The plaintiffs in last week’s lawsuit allege that the exemption process is arbitrary, riddled with unnecessary delays, and forces landlords to publicly divulge confidential, competitive financial information. On top of that, they complain that the city doesn’t have the capacity to vet and approve rent increases. Their complaint notes that only one staffer dedicated to administering the rent control process has been hired, and they didn’t even start until this week.
All of this, they argue, amounts to a violation of landlords’ due process, as guaranteed by the US and Minnesota constitutions.
Thus far, 25 applications for rent increases have been filed with the city—with most requiring only self-certification.
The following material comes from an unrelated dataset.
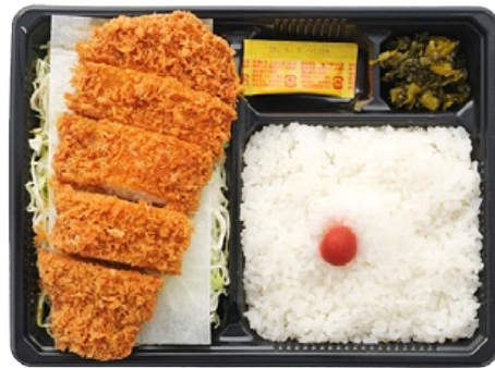
〈井泉本店〉 ロースカツ弁当 1,121 円 自慢のロースカツ弁当。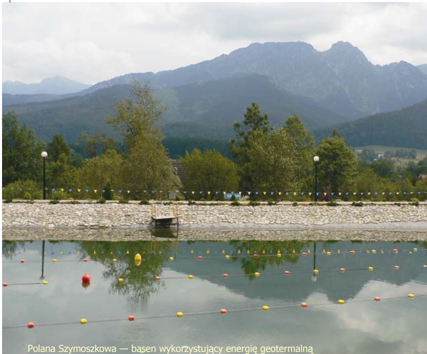
Polana Szymoszkowa — basen wykorzystujący energię geotermalną

The landlords’ lawsuit claims that the dramatic fall in rental property values, estimated by one recent study to be $1.6 billion for the first quarter of 2022, amounts to an uncompensated regulatory taking. The same study found these property value declines were the steepest in neighborhoods with higher-income renters, suggesting relatively well-off tenants are reaping the majority of the benefits of the law.
The lawsuit is also argues that rent control is not a rational means of providing affordable housing, given the history of the policy in other cities, and the flight developer it has kicked off in St. Paul.
In the immediate wake of rent control passing, the local press was full of stories of developers walking away from in-progress projects totaling thousands of units. Building permit data culled by HUD, and highlighted by Twitter users, shows an 84 percent decline in building permit activity in the six months since St. Paul passed rent control compared to the same period a year prior.
Building activity in Minneapolis—which doesn’t have rent control but has eased zoning restrictions on new housing—has increased during the same period.
In the first six months after the passage of rent control in Saint Paul (November 2021 to April 2022), Saint Paul permitted a total of 352 housing units, down from 2,180 units from the same period a year prior.
This is a decline of 84%. pic.twitter.com/3PXv6mJW97
— Sauna Insider (@NickHannula) June 22, 2022
That all makes a compelling case that rent control is bad policy. Convincing a court it is unconstitutional is going to be more difficult.
“Constitutional challenges have really gone nowhere in the past century,” says Jim Burling, the vice president for legal affairs at the Pacific Legal Foundation, a public interest firm that has litigated or supported legal challenges to rent control.
Back-to-back US Supreme Court decisions in 1921 and 1922 upheld wartime rent control schemes passed in Washington, DC, and New York City.
“Courts have generally been reluctant to second guess the economic rulemaking imposed by state and local governments,” Burling tells Reason, which includes rent control. Since then, the Supreme Court has shown little interest in revisiting the topic.
Challenges to rent control on due process and uncompensated takings grounds, the same issues raised in the St. Paul lawsuit, have had little success in lower-level federal courts and state courts.
Burling said that courts will likewise be skeptical of the challenge to St. Paul’s exemption process, given that its hardship is generally theoretical at this point. Plaintiffs who’d actually gone through the process would have an easier time convincing a judge they’d been harmed by it, he says.
On the other hand, he says, those process challenges could potentially give a rent control-skeptical court an opportunity to strike down St. Paul’s ordinance without wading into the morass of deeper constitutional issues.
Legislative efforts to soften St. Paul’s rent control law have thus far stalled.
City politicians, including Mayor Melvin Carter, have endorsed exempting new construction from rent control. But a provision of the city charter saying that voter-passed ordinances can’t be repealed within a year of passing makes it unclear whether the city council can make such a substantial amendment.
An effort by Republicans in the Minnesota Senate to preempt St. Paul’s rent control law also failed.
Barring the success of a longshot legal challenge, the city is stuck with the country’s strictest rent control law and all its attendant consequences.